Obtaining tokens for user jobs
Here are what’s common for most Hadoop jobs
hadoop.security.manager.class=azkaban.security.HadoopSecurityManager_H_1_0
This implementation should work with Hadoop 1.x
azkaban.should.proxy=true
obtain.binary.token=true
obtain.namenode.token=true
obtain.jobtracker.token=true
Additionally, if your job needs to talk to HCat, for example if you have Hive installed with uses kerbrosed HCat, or your pig job needs to talk to HCat, you will need to set for those Hive job types
obtain.hcat.token=true
This makes HadoopSecurityManager acquire a HCat token as well.
Making a New Job Type on Secure Hadoop Cluster¶
If you are making a new job type that will talk to Hadoop Cluster, you can use the HadoopSecurityManager to take care of security.
For unsecure Hadoop cluster, there is nothing special that is needed.
For secure Hadoop clusters, there are two ways inlcuded in the hadoopsecuritymanager package:
- give the key tab information to user job process.
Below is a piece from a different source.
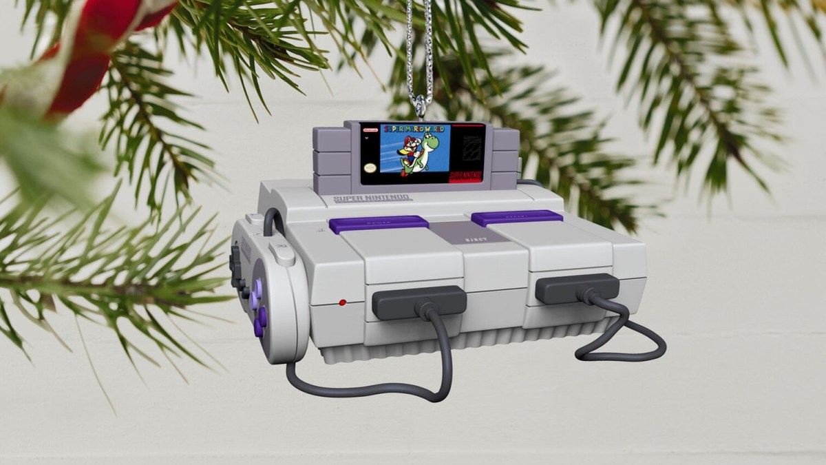 The Hallmark SNES ornament is the second in its line. In 2020, the company offered an NES ornament that would light up and play sounds. This year, starting on July 10, 2021, it will start taking orders for the $19.99 light-up SNES. It looks like it has a Super Mario World game in it and plays sounds from the game.

The hadoopsecuritymanager static method takes care of login from that common keytab and proxy to the user. This is convenient for prototyping as there will be a real tgt granted to the user job. The con side is that the user could potentially use the keytab to login and proxy as someone else, which presents a security hole.
- obtain Hadoop tokens prior to user job process start. The job wrapper will pick up these binary tokens inside user job process. The tokens should be explicitly cancelled after user job finishes.
By paring properly configured hadoopsecuritymanager with basic job types such as hadoopJava, pig, hive, one can make these job types work with different versions of Hadoop with various security settings.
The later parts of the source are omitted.